Atlantic puffin diet reflects haddock and redfish abundance in the Gulf of Maine

Katelyn M. Depot*, Lauren C. Scopel, Stephen W. Kress, Paula Shannon, Antony W. Diamond, Kyle H. Elliott

*Corresponding author:

ABSTRACT: Ecosystem-based fisheries management, which considers the interactions between fisheries, target species, and the physical and biological components of ecosystems, is necessary to ensure that directed fisheries avoid adverse impacts to ecosystems over the long term.

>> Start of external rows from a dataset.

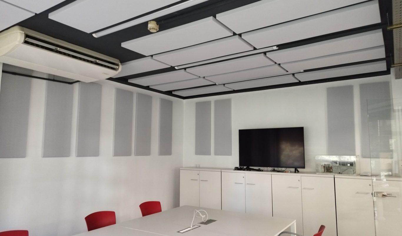 Tratamiento de absorción en sala polivalente de oficinas donde se realizan actos, cursos etc...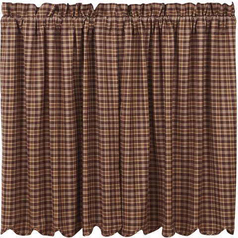 Create a stunning rustic look with the Preston Scalloped Tier Set. Showcasing an earth-toned brown, light tan, and creme plaid, these tiers warm your living room, dining room, or kitchen decor with homespun polish and woodsy color. Machine washable and iron-safe, this set includes two L36xW36 tier curtains crafted in 100% cotton. Our soft country curtains have a white lining to help prevent the sun's glare from shining into your eyes while still letting in some light.
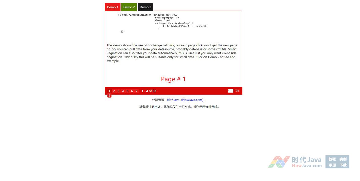 非常智能漂亮的jquery分页效果插件,通过此插件可以在客户端很容易实现分页效果,色彩丰富,经测试效果也非常不错,代码页码输入框。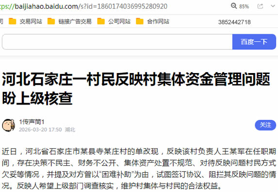 近日,河北省石家庄市某县寺某庄村的单改现,反映该村负责人王某军在任职期间,存在决策不民主、财务不公开、集体资产处置不规范、对待反映问题村民方式欠妥等情况,并提及对方曾以“困难补助”为由,试图签订协议、阻拦其反映问题的情况。反映人希望上级部门调查核实,维护村集体与村民的合法权益。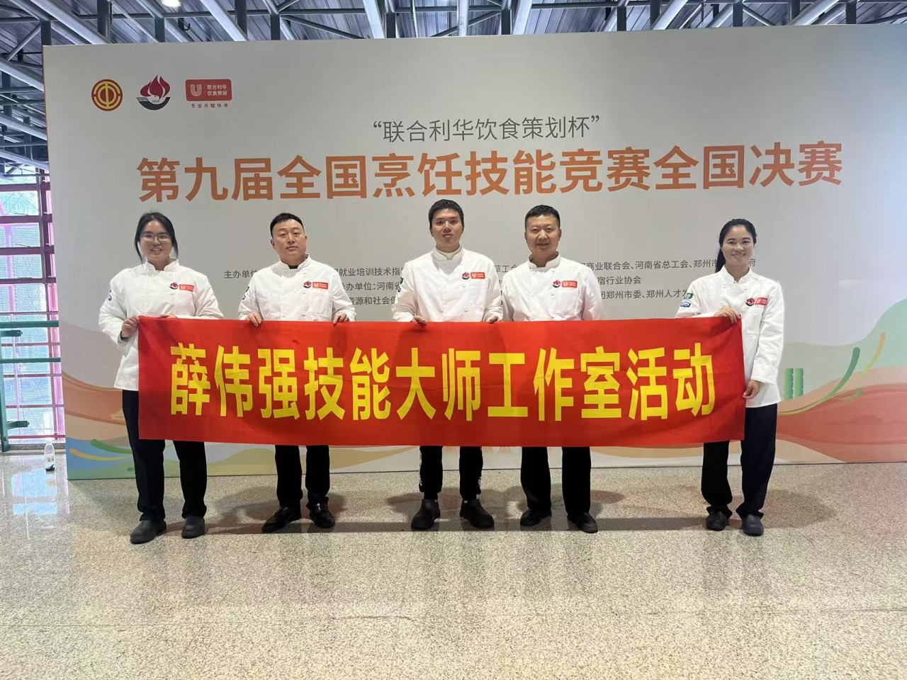 12月1日,由中国烹饪协会、中国就业培训技术指导中心、中国财贸轻纺烟草工会、中国商业联合会、河南省总工会、郑州市人民政府共同主办的联合利华饮食策划杯第九届全国烹饪技能竞赛全国决赛,在郑州隆重开幕。薛伟强技能大师工作室成员参加竞赛。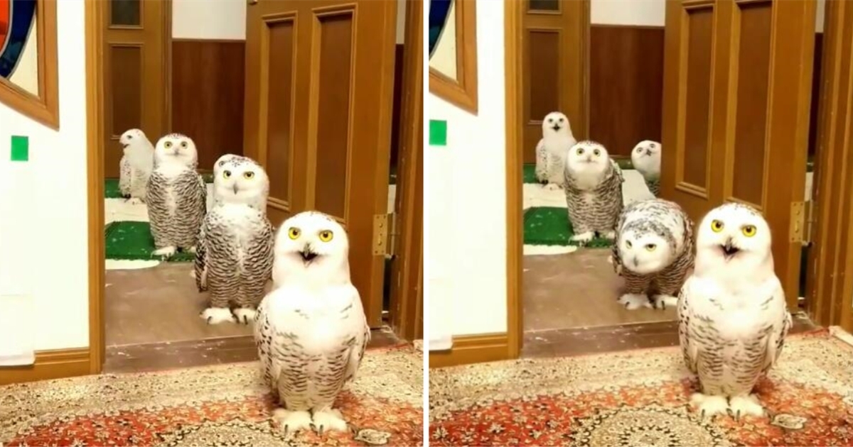 人家等得好著急! 雪鴞「乖巧排隊」想進客廳玩 不停探頭求入場萌翻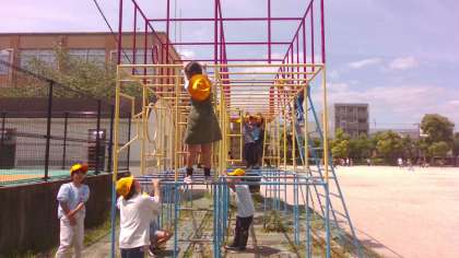 3年生になって総合遊具の3階まで自由に行けるようになりました。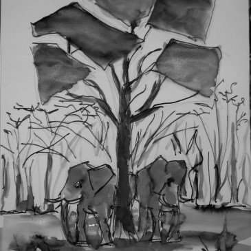 Cerisier en fleurs 15 avril 2016 Technique mixte crayon, aquarelle et feutre sur papier Daler Rowney A3
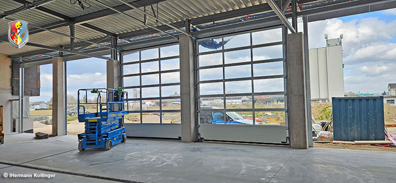 Mit 1. April 2026 hat der Maler seine Arbeit begonnen, während auch die Elektrik weiter installiert wird. Begonnen hat auch der Einbau der Tore in der Fahrzeughalle. Diese sind auf den beiden Seiten verschieden ausgeführt.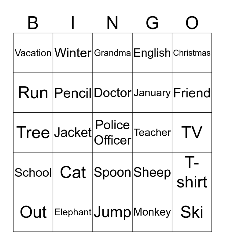 This bingo card has 25 words: Cat, Jump, Doctor, Out, Christmas, Vacation, Run, Winter, Teacher, Spoon, January, Tree, Sheep, T-shirt, Pencil, Ski, TV, Grandma, Friend, Jacket, Police Officer, Elephant, School, English and Monkey.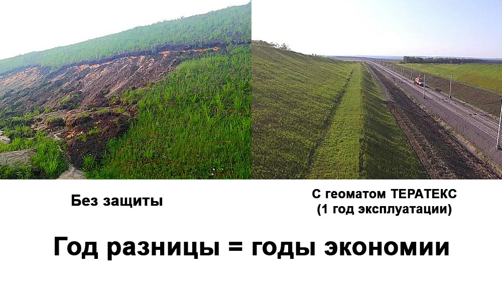 Что происходит без защиты? ✅дожди размывают склон, ✅появляются овраги, ✅каждый сезон нужны новые ремонты. Что происходит с геоматом ТЕРАТЕКС TMAX или VMAX? ✅грунт остаётся на месте, ✅развивается прочная растительность, ✅откос работает десятилетиями без вмешательства. Преимущества: ✅химическая стойкость (pH 4–10); ✅температурный диапазон от -50 до +50 °C; ✅экономия на инертных материалах и ремонтах. Вывод: один рулон геомата ТЕРАТЕКС дешевле, чем ежегодный ремонт откосов. Подробнее в статье на сайте.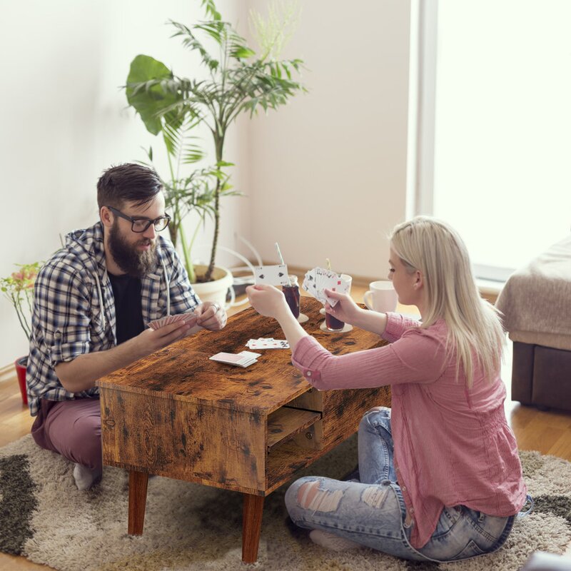 The large hidden compartment beneath the tabletop is enough to store your often-used items like laptop, chess, and remote controllers, keeping them away from dirt.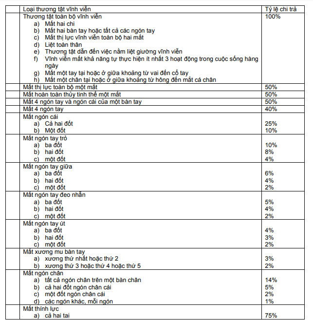 Mục 1: Tử vong và thương tật vĩnh viễn do tai nạn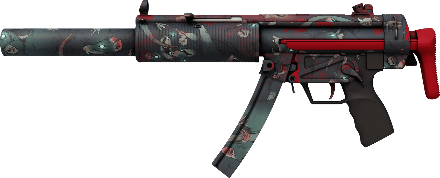 Similar to the Case Hardened finish, the MP5 Lab Rats patterns come from a pre-designed sheet which is transferred onto the weapon in a cookie cutter style. The transfer may deviate on the X-axis (Horizontally), Y-axis (Vertically), and it also has a possible rotation of 360 degrees, giving it 1000 different pattern variations. The Lab Rats design sheet has a drawing of a swarm of rats that covers the entire surface. The main colors are gray, with the snouts and paws of the rats being red, and eyes being blue. A large part of the center of the sheet is completely red, which makes the rats in this part stand out from the rest. On the top left is another single rat which is red with an angry expression on its face.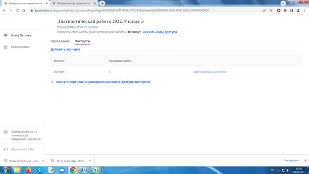Далее необходимо на вкладке «Эксперты» добавить эксперта и скачать перечень индивидуальных кодов доступа экспертов.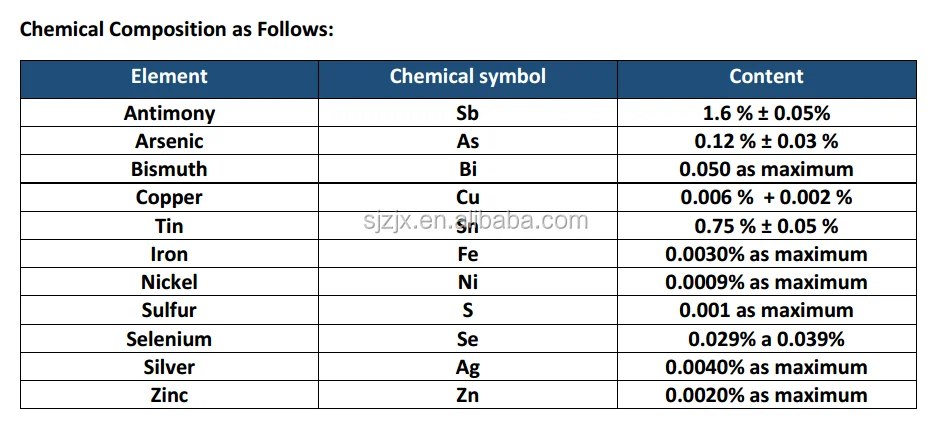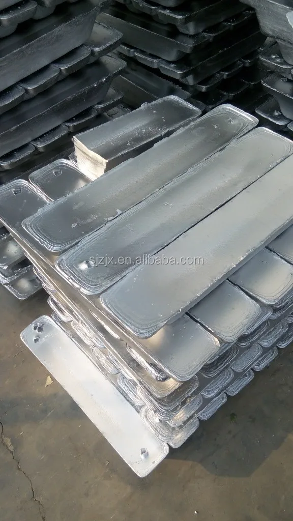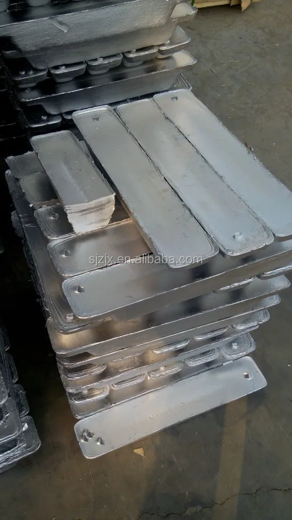 A lead-containing lead alloy for the manufacture of lead acid battery grids and conductive parts. Compared with pure lead, the melting point is lower, the fluidity in the molten state is good, the casting is easy to form, and the hardness after solidification is large; the disadvantage is that the gas deposition super-potential of the grid is low. In order to reduce the precipitation of gas during charging of the battery, reduce self-discharge and improve corrosion resistance, the amount of strontium has been gradually reduced from the conventional 5% to 7% to about 2% or even lower. A small amount of other ingredients such as tin, arsenic, sulfur, selenium and copper are also selectively added to improve the physical and chemical properties of the alloy.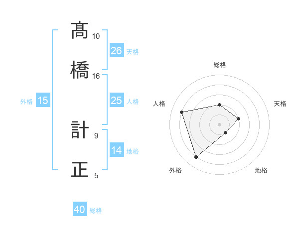 髙橋 計正さんの総格は40画の2点!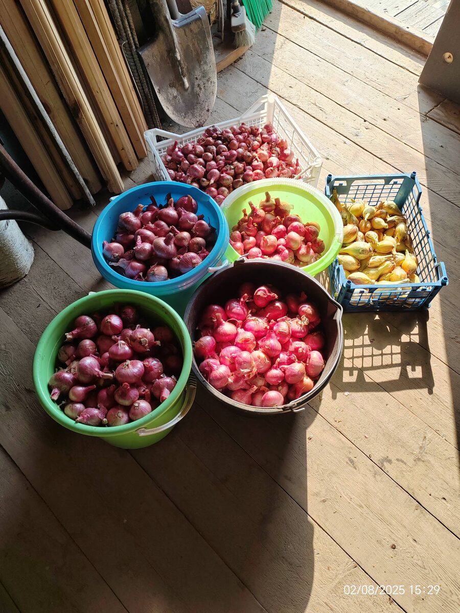 В этом году погода бьёт все рекорды и по холодному лету, и по количеству дождей, и по жаре в конце июля-начале августа (в наших северных широтах это уже начало осени, время сбора урожая и закрутки заготовок). В последнюю неделю июля стояла такая жара, которой не каждое лето бывает! А вот уже на следующую неделю обещал нам Коми гидрометеоцентр дождики (и они были, но очень слабенькие). Посмотрела я на свой лук: севок еще зелененький, а вот у семейного уже вся зелень засохла, поэтому было принято решение срочно его убирать, чтобы не замочить. Сижу, обрезаю лук, радуюсь урожаю, а тут соседка ко мне приходит и просит научить и объяснить как вообще понять, что лук можно уже убирать, что у него нужно обрезать и что с ним дальше делать. Стоит уточнить, что соседи у меня новые появились весной этого года - молодая семейная пара, но очень работящие. И пусть пока они ничего не умею и не знают, но зато очень хотят научиться всем огородным делам. А я как-то все уже на автомате делаю, и даже никогд
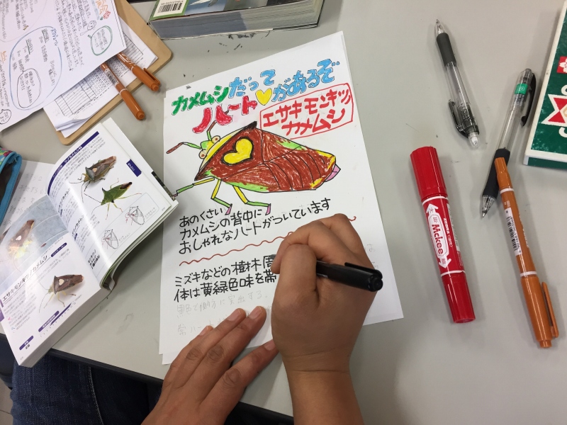 里山散策や、動植物の調査実習、里山の動植物について伝えるための看板づくりなどを行いました。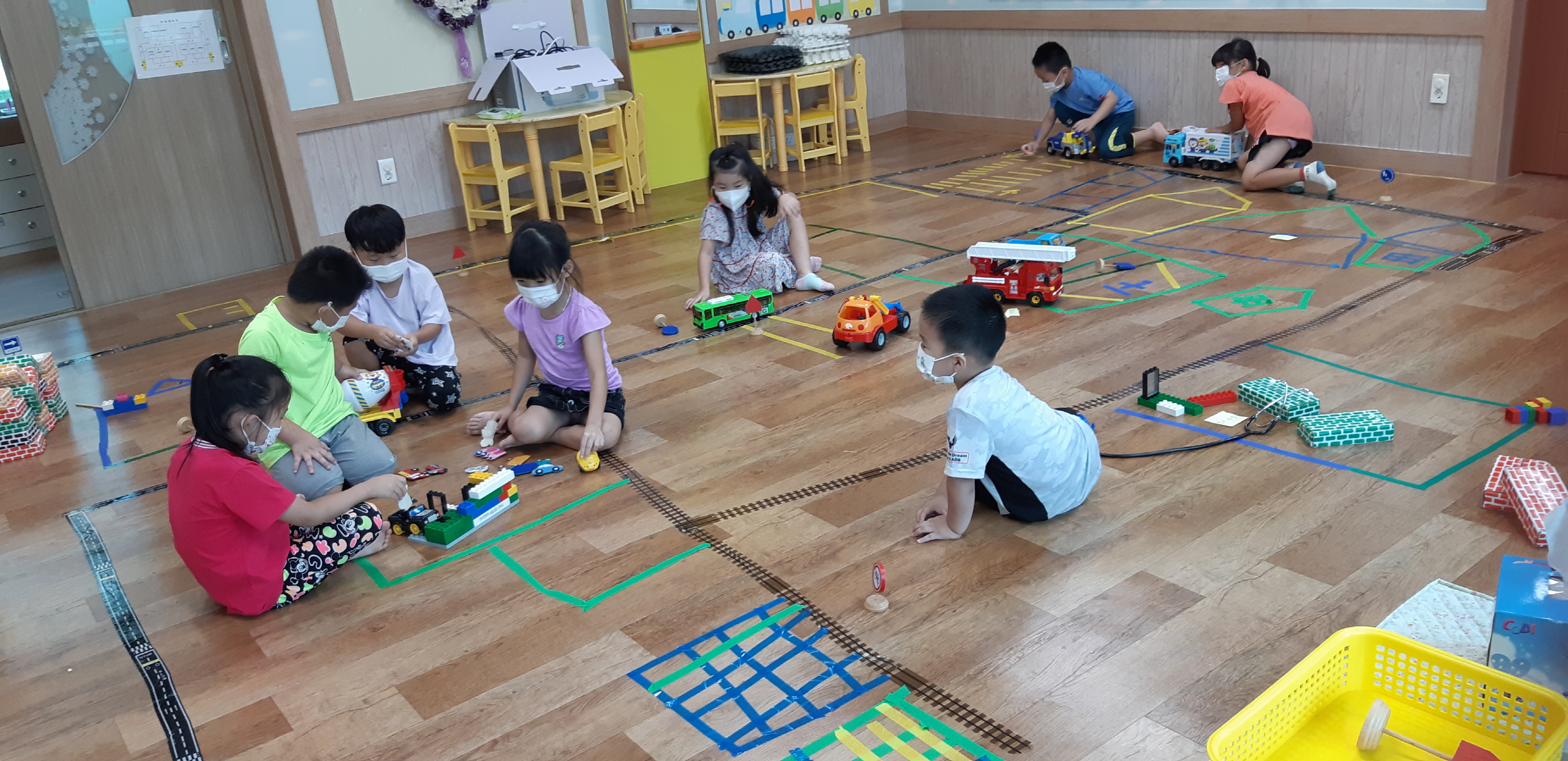 9월 2주에는 현장학습을 통해 경험한 것들을 생각하며 교실 공간에 도로 만들기, 주차공간 만들기, 주유소 만들기, 정비공장 만들기 놀이를 하면서 너무나도 즐거워하였고 적극적으로 참여하는 모습이 참 예뻤다. 특히 장애인 주차공간을 테이프로 붙여 만든 것은 정말 인상 깊었다. 친구들 모두 놀랄 정도였다. 이렇게 유아들의 교육과 놀이를 통해 표현된 창의성과 상상력은 교사까지 깜짝 놀라게 하였다.

The successful implementation of ecosystem-based fisheries management requires an understanding of predator–prey relationships and ways to operationalize such relationships to inform fisheries management. Here, we investigate if the diet of a generalist predator, Atlantic puffin Fratercula arctica, can be used as an indicator of the abundance of 2 commercially exploited prey species (haddock Melanogrammus aeglefinus,and Acadian redfish Sebastes fasciatus) in the Gulf of Maine. Because haddock and redfish eaten by puffins are juveniles (age 0), there is potential to use their proportions and lengths in puffin diet to better understand the processes influencing haddock and redfish recruitment. By using principal component analysis to develop measures of diet across multiple puffin colonies, we show both spatial variation and large-scale patterns in the proportions and lengths of haddock and redfish in puffin diet. Spawning stock biomass was a strong predictor of haddock proportion in puffin diet and a moderate predictor of redfish proportion; however, proportions in puffin diet did not predict age 1 recruitment, suggesting that variation in recruitment is caused by processes that occur after the puffin breeding season and affect the survival of older juveniles. Haddock length on one colony was a moderate predictor of age 1 recruitment. We conclude that puffin diet can be used as an indicator of haddock and redfish abundance.